MAP (Mean Average Precision)
Definition
MAP is a single-number summary of retrieval quality across a set of queries, averaging the Average Precision (AP) of each query. It captures both precision and the positions of relevant documents throughout the ranked list.
Average Precision (AP)
For a single query with R total relevant documents:
AP = (1/R) × Σₖ P(k) × rel(k)
Where:
k= rank positionP(k)= precision at rank k (relevant docs in top-k / k)rel(k)= 1 if document at rank k is relevant, 0 otherwise- Only positions where a relevant document appears contribute
This rewards finding relevant documents early in the ranking.

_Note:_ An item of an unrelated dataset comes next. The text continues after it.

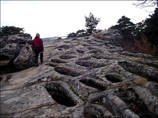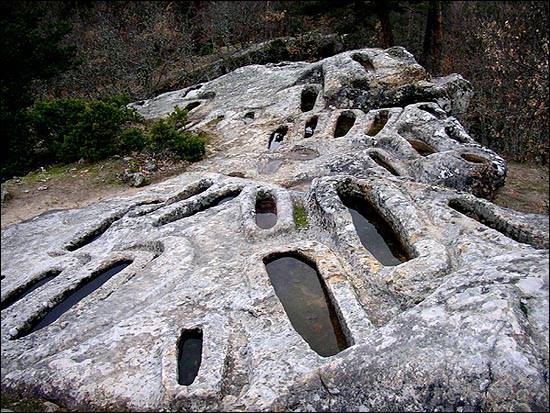 작은 바위 동산 하나가 시신을 담던 무덤들의 흔적으로 뒤덮여 있다. 물론 시신을 안착할 당시에는 엄청난 무게의 바위를 그 위에 얹었을 것이다. 덮개바위는 모두 사라져 인체의 형상을 한 홈들을 자세히 관찰할 수 있다. 키가 컸던 사람, 작은 사람, 갓 태어나자마자 죽었을 것으로 여겨지는 아기들의 자리도 이곳저곳에서 발견된다.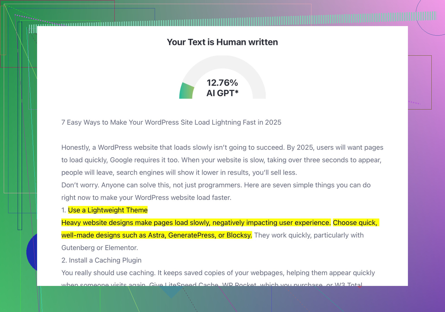 Not bad, actually. Use plain English—think how you’d chat IRL, not how you’d write a dissertation—and this detector can usually be tricked. Not foolproof, but not overly strict either.

Example: 3 relevant docs in a corpus, found at ranks 1, 3, 5:
- P(1) = 1/1 = 1.0
- P(3) = 2/3 = 0.67
- P(5) = 3/5 = 0.60
- AP = (1.0 + 0.67 + 0.60) / 3 = 0.76
If instead found at ranks 2, 4, 6:
- AP = (0.5 + 0.5 + 0.5) / 3 = 0.50
MAP
MAP is the mean of AP across all queries in a test set:
MAP = (1/Q) × Σ_q AP(q)
MAP vs. NDCG
| Property | MAP | NDCG |
|---|---|---|
| Relevance | Binary (relevant/not) | Graded (0–4 scale) |
| Cutoff | Considers all ranks | Typically @k |
| Normalization | Normalizes by # relevant docs | Normalizes by ideal DCG |
| Sensitivity | More sensitive to later relevant docs | Emphasizes top positions more |
MAP is preferred when:
- Relevance is binary (a document is either relevant or not)
- All relevant documents matter (not just top-k)
- Datasets follow standard IR benchmark conventions (TREC)
NDCG is preferred when:
- Relevance is graded
- Top-k behavior matters most
- Comparing across queries with different relevant doc counts
MAP@k
Often computed with a cutoff: MAP@10 or MAP@100, where AP is computed only over the first k positions. This is common in flight search, job search, and other domains where finding all relevant results matters.
When to Use MAP
- Multi-document retrieval: when multiple relevant documents per query exist
- Recall-oriented tasks: patent retrieval, legal search, academic literature
- IR benchmarks: TREC, MS MARCO (though NDCG@10 is now more common)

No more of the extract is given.